A pair of astrophysicists at the Rochester Institute of Technology has found via simulations that some black holes might be traveling through space at nearly one-tenth the speed of light.
In their study, reported in Physical Review Letters, James Healy and Carlos Lousto used supercomputer simulations to determine how fast black holes might be moving after formation due to a collision between two smaller black holes.
Prior research has shown that it is possible for two black holes to smash into each other. And when they do, they tend to merge. Mergers generate gravitational waves, and an ensuing recoil can occur in the opposite direction, similar to the recoil of a gun. The energy of that recoil can send the resulting black hole hurtling through space at incredible speeds.

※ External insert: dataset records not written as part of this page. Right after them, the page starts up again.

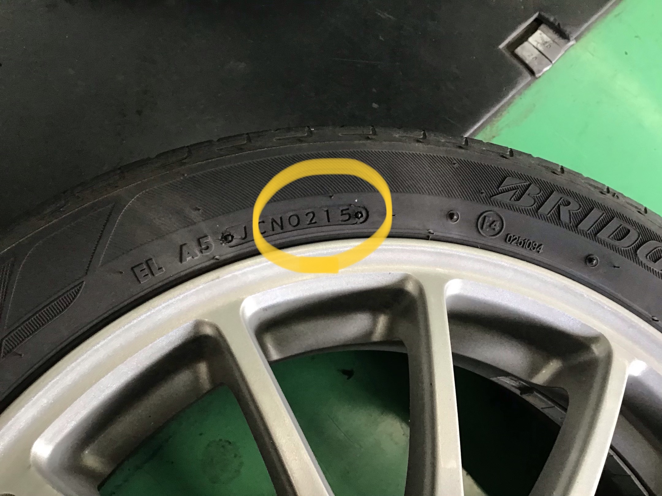 装着されていたタイヤを見ると、セリアルを確認してみると「0215」、2015年2週目に製造されたものだとわかりました。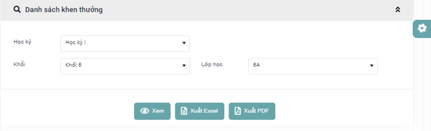- Bước 1: Đăng nhập >> Vào Menu “Báo Cáo” >> Vào chức năng “Báo cáo kết quả học tập” >> chọn “Danh sách khen thưởng”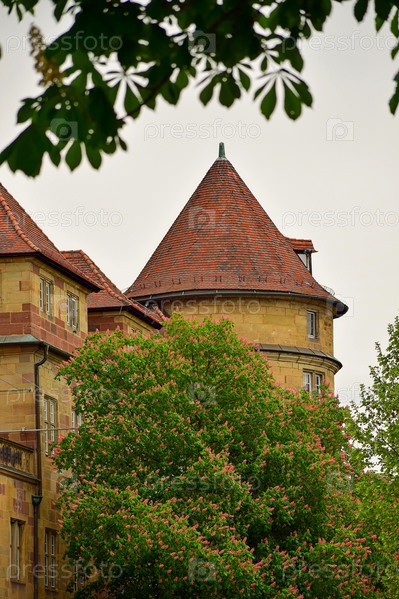 Башня старого здания с крышей, покрытой черепицей

Prior research has suggested such black holes may reach top speeds of approximately 5,000 km/sec. In this new effort, the researchers took a closer look at black hole speeds to determine just how fast they might travel after merging.

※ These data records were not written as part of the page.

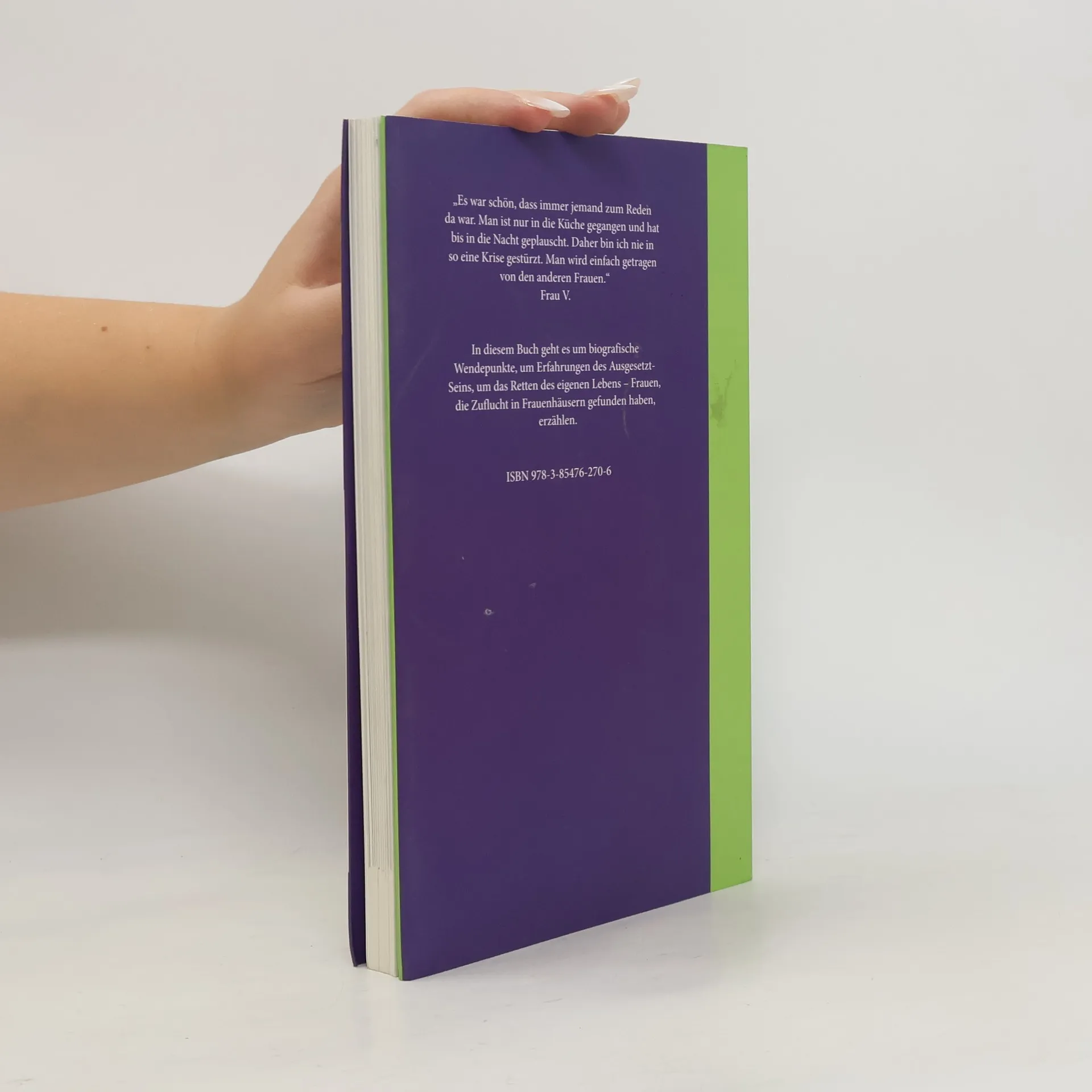 Frauen erzählen von Liebe und Gewalt, Träumen und Hoffnungen. Lebensentwürfe und Enttäuschungen sind die Themen der Erzählungen von Frauen in diesem Buch. Eine zentrale Erfahrung ist ihnen gemeinsam: Sie alle haben männliche Gewalt in Beziehungen erlebt und Zuflucht in einem Frauenhaus gesucht. Sie kommen aus vielen Ländern der Welt, sind älter oder jünger, haben Kinder oder keine, möchten ihren Mann verlassen oder wieder zu ihm zurückkehren. Manche von ihnen haben physische Gewalt erfahren, andere aufgrund psychischen Terrors ihr Zuhause verlassen. Das Frauenhaus ist für sie alle ein Ort der Sicherheit und des Zur-Ruhe-Kommens, des Nachdenkens und Kraft-Schöpfens, für viele auch der Beginn eines neuen Lebensabschnittes. Die Erzählungen der Frauen in diesem Band sind persönlich, authentisch und intensiv, ihr jeweils individueller Tonfall blieb erhalten. Gleichzeitig verweisen aber ihre Geschichten über das Individuelle hinaus, auf strukturelle und gesellschaftliche Zusammenhänge - die Basis für männliche Macht und Unterdrückung von Frauen. Erweitert werden ihre Erzählungen durch Bilder der Wiener Fotografin Ruth Ehrmann.
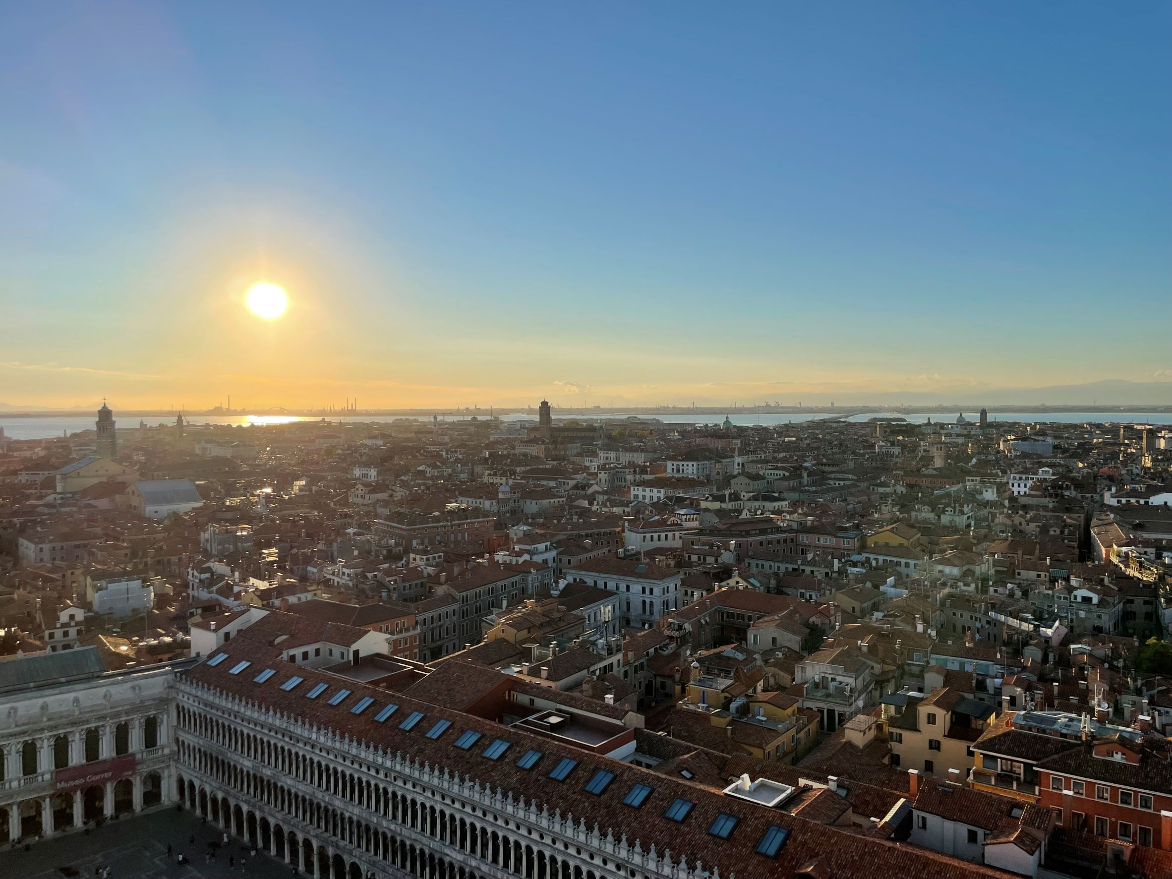 Pyörähdimme vielä San Marcon kellotornissa eli Campanile di San Marcossa. Ylhäältä oli upeat näkymät yli Venetsian kaupungin ja saarien auringon juuri laskiessa. Täältä suuntasimme syömään illallista kanaalin varteen rantaravintolaan. Ainakin tähän aikaan vuodesta pöydän sai helposti mistä tahansa ravintolasta ilman ennakkovarausta ja pöydänkin pystyi valitsemaan hyvin vapaasti. Venetsia oli kaiken kaikkiaan positiivinen kokemus, vaikka aluksi hiukan pelkäsin joutuvani täydelliseen turistimankeliin. Mutta tähän aikaan vuodesta turisteja ei ollut riesaksi asti. Rakennukset ovat kauniita, kanaaliverkosto ainutlaatuinen ja tunnelma jotenkin hmm… Venetsialainen. Lämmintä oli joka päivä 30 asteen kieppeillä, mutta sokkeloisessa kaupungissa rakennukset toivat varjoa pahimpaan paahteeseen.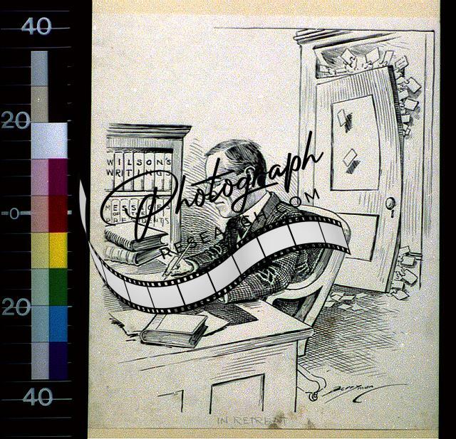In retreat,1912,President Woodrow Wilson,Speechwriting,Cartoon,Desk,Pen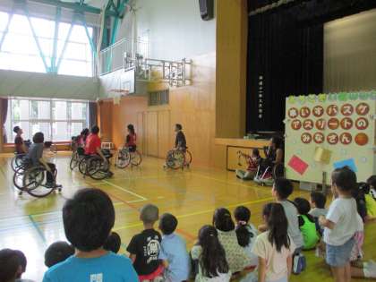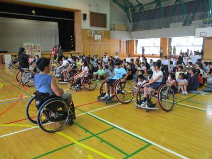 障がいを持つ方の生活やスポーツについてお話いただいたり、競技用車いすの試乗をさせていただいたりなど、とても貴重な体験をさせていただきました。車いすバスケットボールの迫力や、滅多にできない体験に、子どもたちは興味津々でした。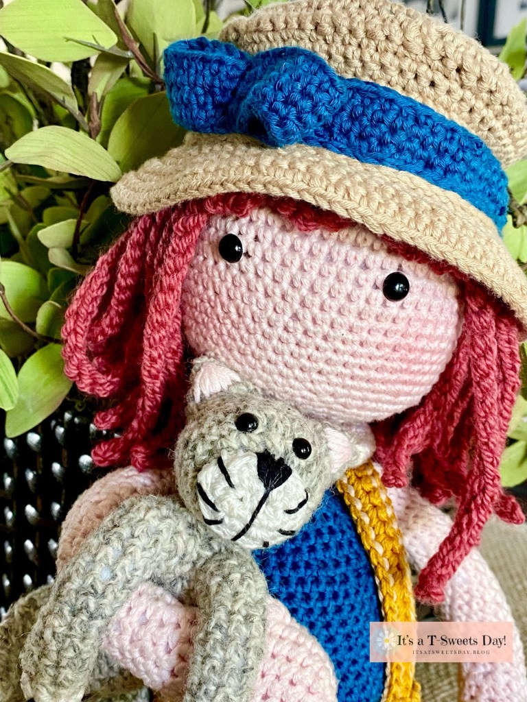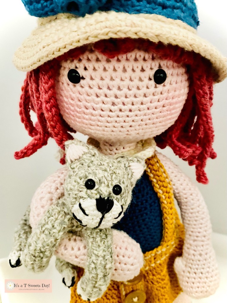She made me smile every step of the way. I made sure to sew down her hat, dress, and the cat to make sure they don’t get lost with little hands playing with them

To that end, the researchers created a mathematical simulation. One of the main data points involved the angle at which the two black holes approached one another prior to merging.
Prior research has shown that for all but a direct head-on collision, there is likely to be a period of time when the two black holes circle each other before merging.
The researchers ran their simulation on a supercomputer to calculate the results of merging by black holes that approach each other from 1,300 different angles, including direct collisions and close flybys.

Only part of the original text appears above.